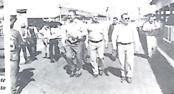
...passeou pelo Parque de Exposições Rio Apa
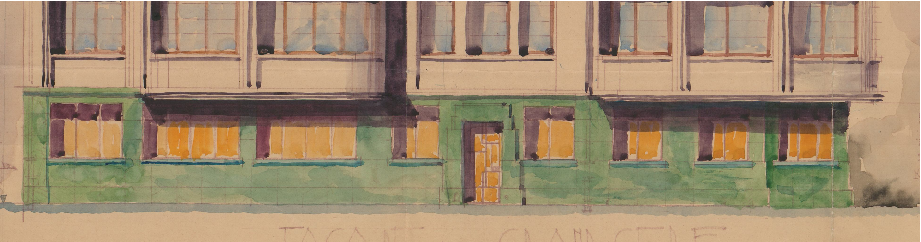
FACADE (Rue du Grand Cerf)
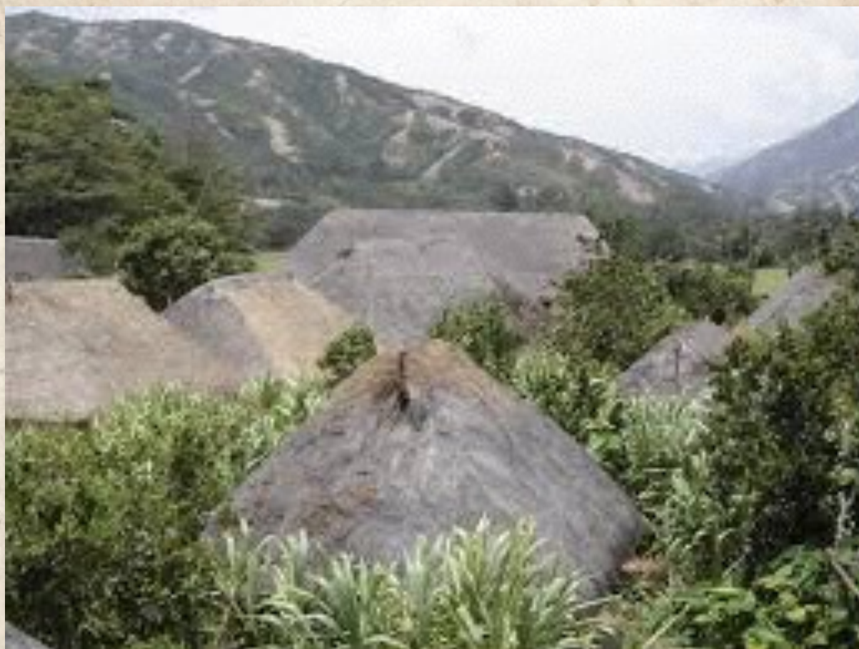
Figura 1: caserío en la Sierra Nevada de Santa Marta.

madre, pero nosotros ya nos estamos olvidando; hay que estudiar el pájaro para recordar y hacer como ellos. (Echavarría, 1993:221)
****
ACTION ITEM » Please give the data again in full, exactly as written, but without any images.

TASK RESULT »
...passeou pelo Parque de Exposições Rio Apa
FACADE (Rue du Grand Cerf)
Figura 1: caserío en la Sierra Nevada de Santa Marta.

madre, pero nosotros ya nos estamos olvidando; hay que estudiar el pájaro para recordar y hacer como ellos. (Echavarría, 1993:221)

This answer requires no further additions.